**Exercise directions:** Your answer must be an exact transcription of every record below, with the pictures omitted.
□ □ □ □ □
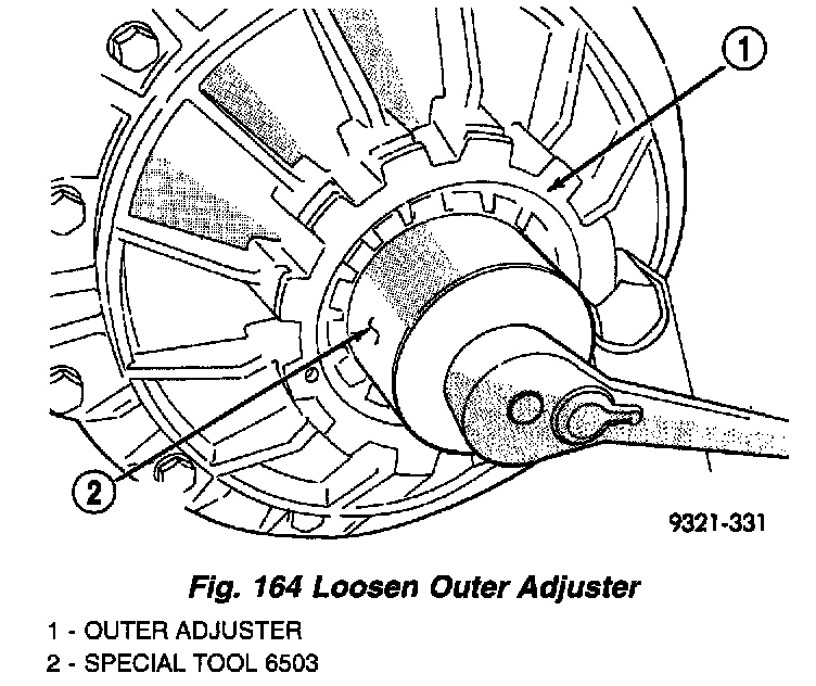 Install special tool 6577 to remove rear transfer bearing cup (Fig. 172).
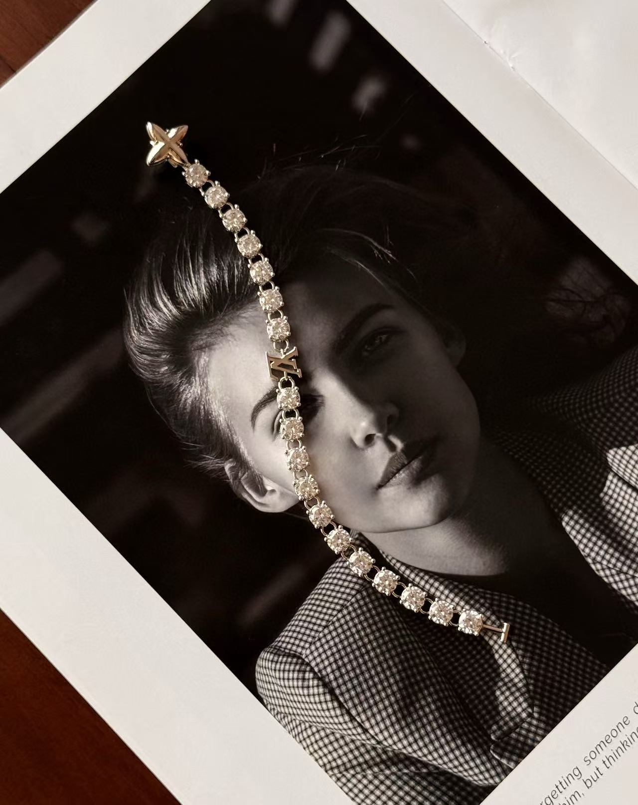 設計靈感來自最具代表性的 Monogram 十字花字母標誌,加上滿鑽點綴與鏤空設計,一戴上就是焦點所在,舉手投足間都是閃耀氛圍,極具高級感與存在感。
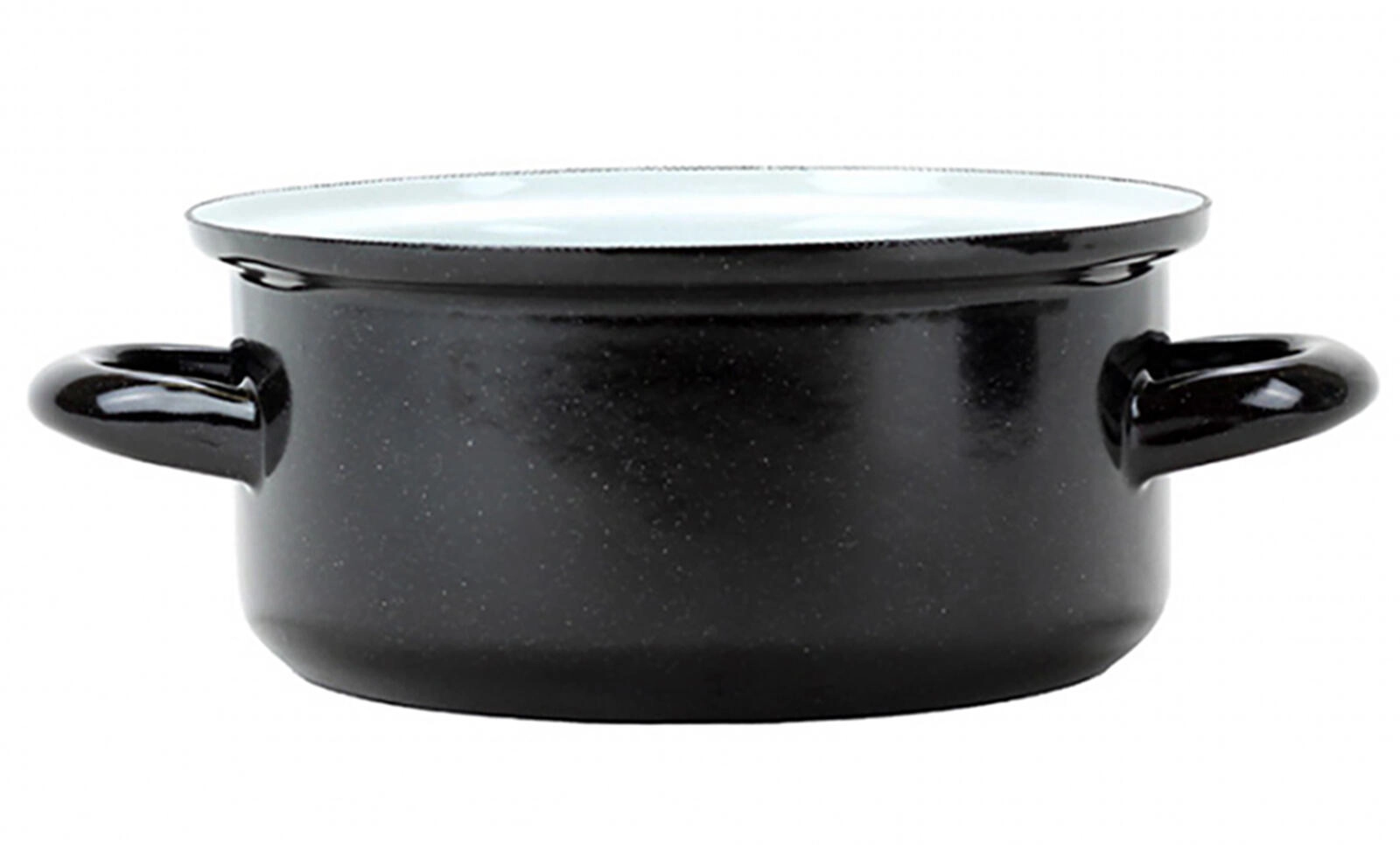 A tartós, minőségi zománcból készült lábas a hagyományos kivitelezést a modern, egészséges főzési igényekkel ötvözi. A belső fehér gránit megkönnyíti az ételek felügyeletét és csökkenti a letapadást, míg a külső fekete, fehér pettyezett felület időtálló megjelenést ad, amely bármely konyhába illik.
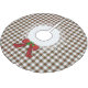 Un élégant plaid traditionnel et les vacances vont de pair pour une atmosphère de Noël à l'ancienne. Ici nous avons une jupe d'arbre de Noël fait dans le traditionnel motif en plaid Stewart vert, rouge et blanc, favorisé par le roi George. Des graphismes d'un cercle en dentelle blanche superposés avec des graphismes d'un joli arc rouge, à l'avant, complètent cette jupe d'arbre chic et festive.
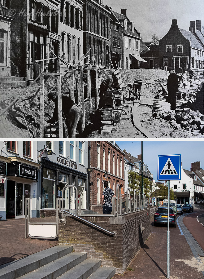 Hieronder een selectie van 10 foto’s in de “Toen & Nu” serie. De “Toen” foto’s zijn als referentie overgenomen uit het genoemde boek (met vermelding van het fotonummer), de “Nu” foto’s zijn eind april en begin mei gemaakt, zoveel mogelijk van dezelfde de plek als de “Toen” foto. Ik heb daarbij bewust gekozen om geen foto’s van de beeldbepalende Cuneratoren op te nemen, maar juist van andere locaties op straatniveau.
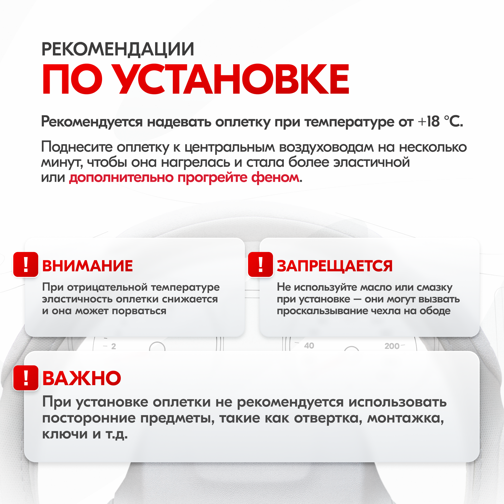 | Дополнительная информация | Рекомендации производителей: выбирайте оплётку под размер вашего рулевого колеса. Неверно выбранный размер может стать причиной проскальзывания оплётки или привести к невозможности снять или надеть её на руль. |
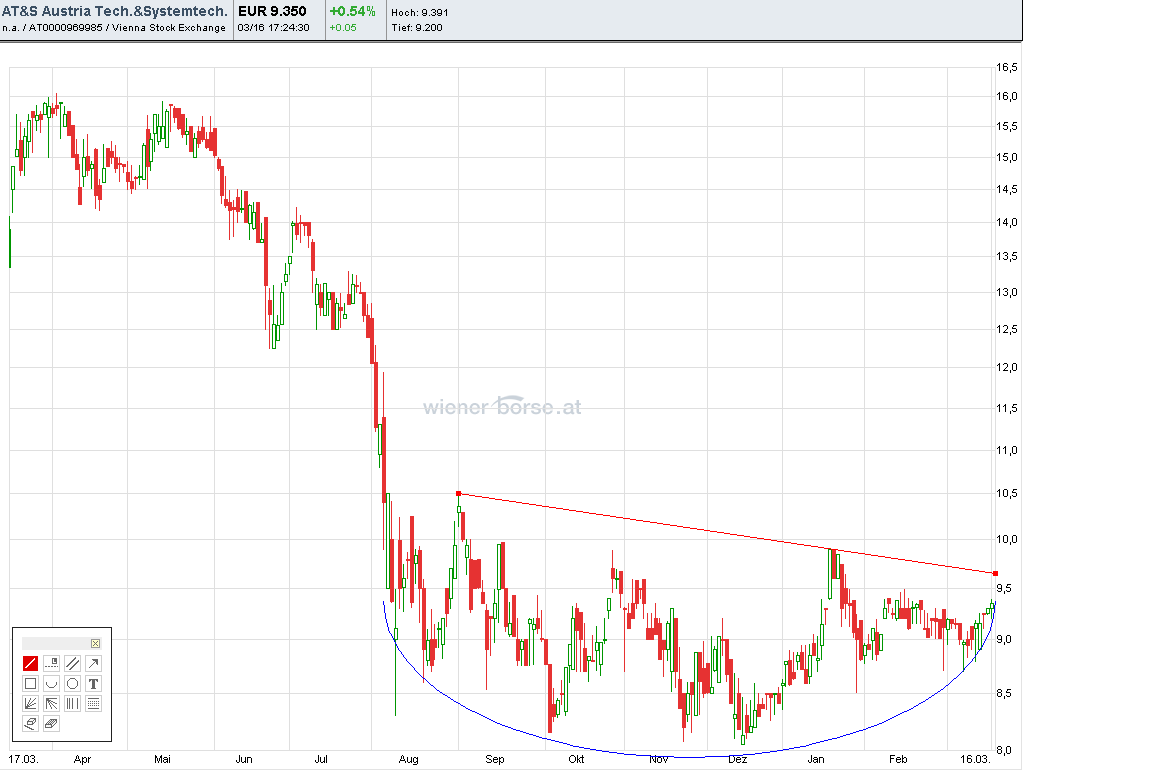 Auch die Charttechnik deutet ein Ende der Konsolidierung an (rounding bottom). Oberhalb von 9,6x könnte hier ordentlich die Post abgehen ..
□ □ □ □ □
**Task output:**
 Install special tool 6577 to remove rear transfer bearing cup (Fig. 172).
 設計靈感來自最具代表性的 Monogram 十字花字母標誌,加上滿鑽點綴與鏤空設計,一戴上就是焦點所在,舉手投足間都是閃耀氛圍,極具高級感與存在感。
 A tartós, minőségi zománcból készült lábas a hagyományos kivitelezést a modern, egészséges főzési igényekkel ötvözi. A belső fehér gránit megkönnyíti az ételek felügyeletét és csökkenti a letapadást, míg a külső fekete, fehér pettyezett felület időtálló megjelenést ad, amely bármely konyhába illik.
 Un élégant plaid traditionnel et les vacances vont de pair pour une atmosphère de Noël à l'ancienne. Ici nous avons une jupe d'arbre de Noël fait dans le traditionnel motif en plaid Stewart vert, rouge et blanc, favorisé par le roi George. Des graphismes d'un cercle en dentelle blanche superposés avec des graphismes d'un joli arc rouge, à l'avant, complètent cette jupe d'arbre chic et festive.
 Hieronder een selectie van 10 foto’s in de “Toen & Nu” serie. De “Toen” foto’s zijn als referentie overgenomen uit het genoemde boek (met vermelding van het fotonummer), de “Nu” foto’s zijn eind april en begin mei gemaakt, zoveel mogelijk van dezelfde de plek als de “Toen” foto. Ik heb daarbij bewust gekozen om geen foto’s van de beeldbepalende Cuneratoren op te nemen, maar juist van andere locaties op straatniveau.
 | Дополнительная информация | Рекомендации производителей: выбирайте оплётку под размер вашего рулевого колеса. Неверно выбранный размер может стать причиной проскальзывания оплётки или привести к невозможности снять или надеть её на руль. |
 Auch die Charttechnik deutet ein Ende der Konsolidierung an (rounding bottom). Oberhalb von 9,6x könnte hier ordentlich die Post abgehen ..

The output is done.